_Description of the task_
Give back the full listing verbatim, apart from its images.

START Dataset extract

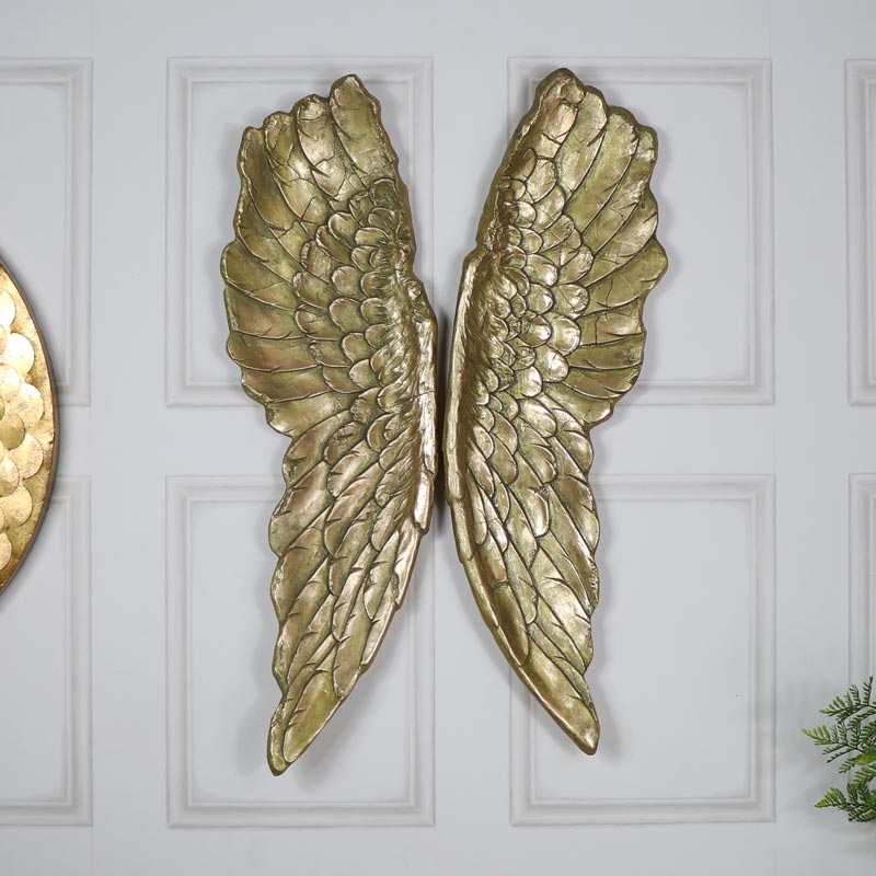 Hanging Decorations X Large Angel Wings Wall Hanging Aged Gold
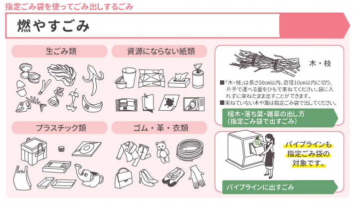 芦屋市で指定ごみ袋を使う必要があるのは、燃やすごみとその他燃やさないごみになります。
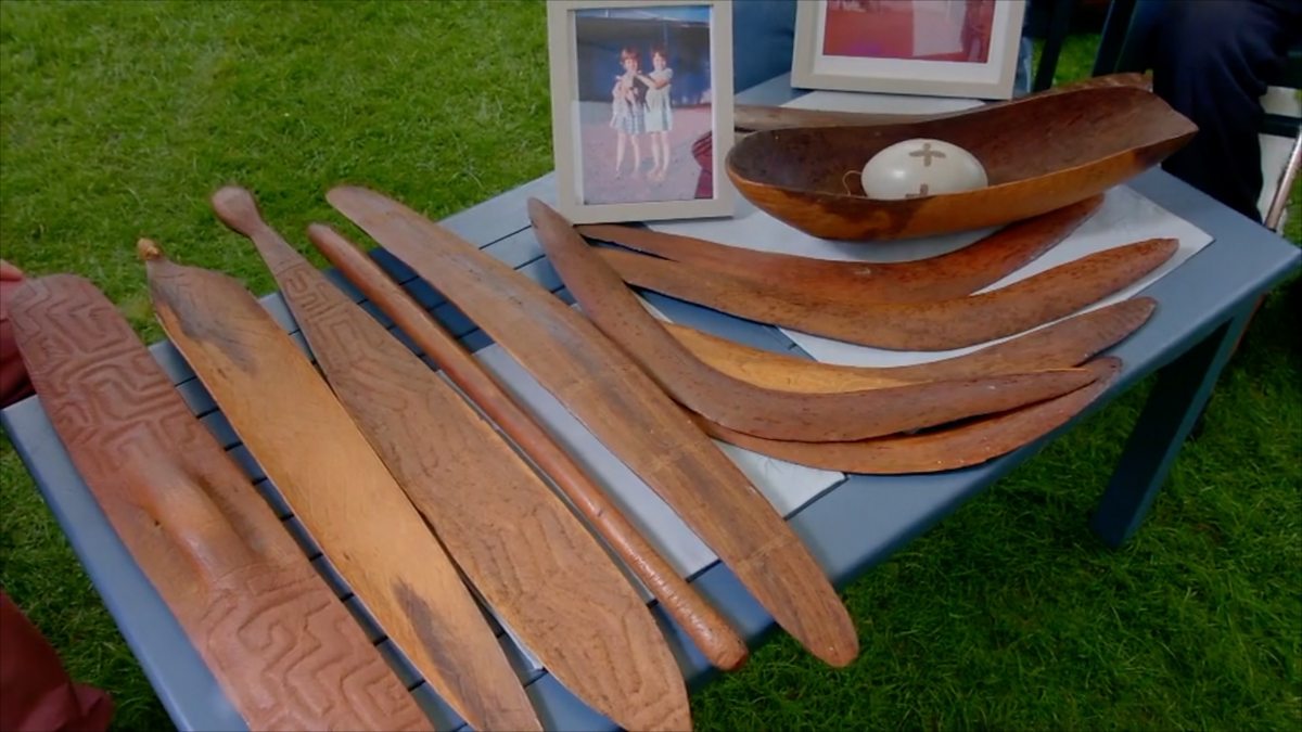 Paul Atterbury admires gifts from an aboriginal tribe in Australia.
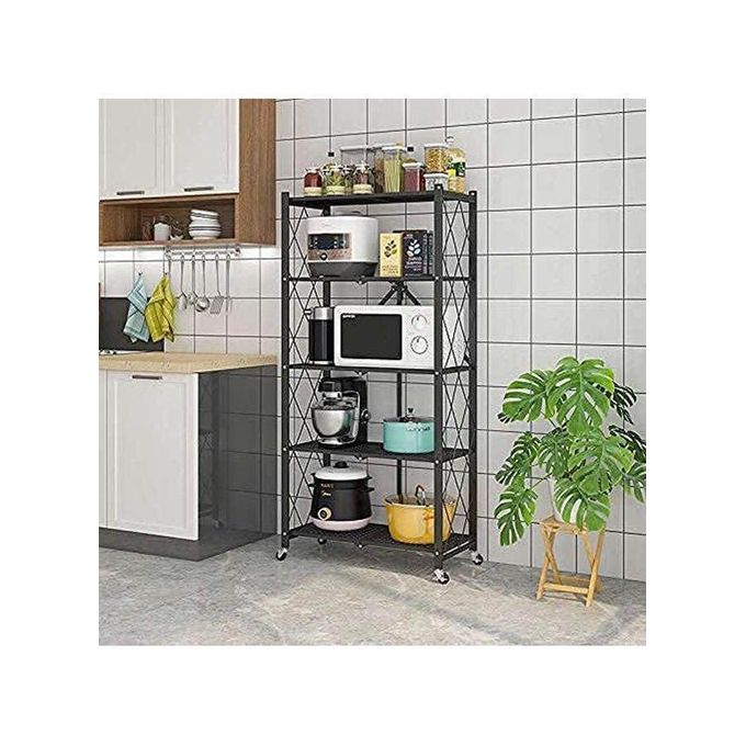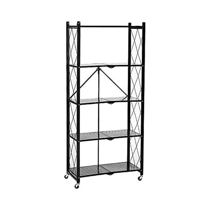رف تخزين معدني قابل للطي بخمس طبقات، مناسب للمرآب بأربع عجلات، خزانة ملابس، رف سلكي، رف تخزين قابل للطي، أسود، 71×34×158 سم
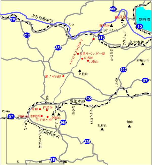阿蘇くじゅう国立公園はやまなみハイウエイなどの道路網が整備され、久大本線と豊肥本線の間に位置しています。景観を楽しむドライブ・温泉保養として障害者や高齢者などのハンディにも人気があります。
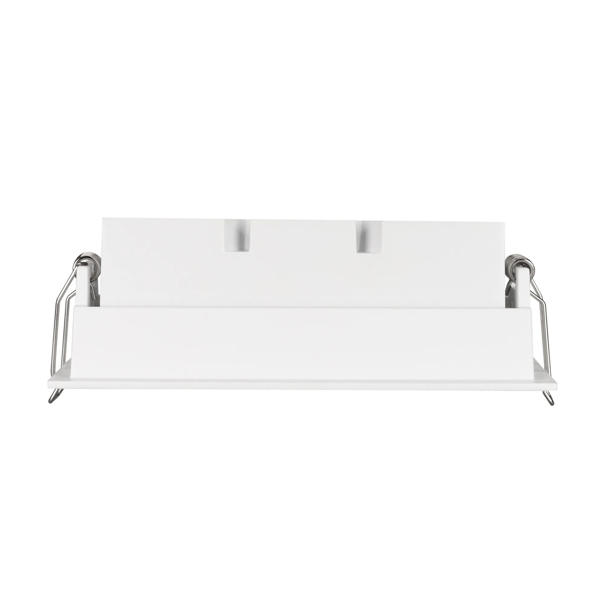 Встраиваемый поворотный светильник. Мощность 10 Вт, св. поток 750 лм, 75 лм/Вт, теплый 3000 K, CRI>98, угол 30°, напряжение питания 230 В. Белый прямоугольный корпус из алюминия, экран PMMA, степень защиты IP20. Размер: длина 150 мм, ширина 67 мм, высота 50 мм. Монтаж встраиваемый, установочное отверстие длина 145 мм, ширина 60 мм. Драйвер 9-14 В, 700 мА, пульсация <1%.

END Dataset extract

_Response_
 Hanging Decorations X Large Angel Wings Wall Hanging Aged Gold
 芦屋市で指定ごみ袋を使う必要があるのは、燃やすごみとその他燃やさないごみになります。
 Paul Atterbury admires gifts from an aboriginal tribe in Australia.
رف تخزين معدني قابل للطي بخمس طبقات، مناسب للمرآب بأربع عجلات، خزانة ملابس، رف سلكي، رف تخزين قابل للطي، أسود، 71×34×158 سم
阿蘇くじゅう国立公園はやまなみハイウエイなどの道路網が整備され、久大本線と豊肥本線の間に位置しています。景観を楽しむドライブ・温泉保養として障害者や高齢者などのハンディにも人気があります。
 Встраиваемый поворотный светильник. Мощность 10 Вт, св. поток 750 лм, 75 лм/Вт, теплый 3000 K, CRI>98, угол 30°, напряжение питания 230 В. Белый прямоугольный корпус из алюминия, экран PMMA, степень защиты IP20. Размер: длина 150 мм, ширина 67 мм, высота 50 мм. Монтаж встраиваемый, установочное отверстие длина 145 мм, ширина 60 мм. Драйвер 9-14 В, 700 мА, пульсация <1%.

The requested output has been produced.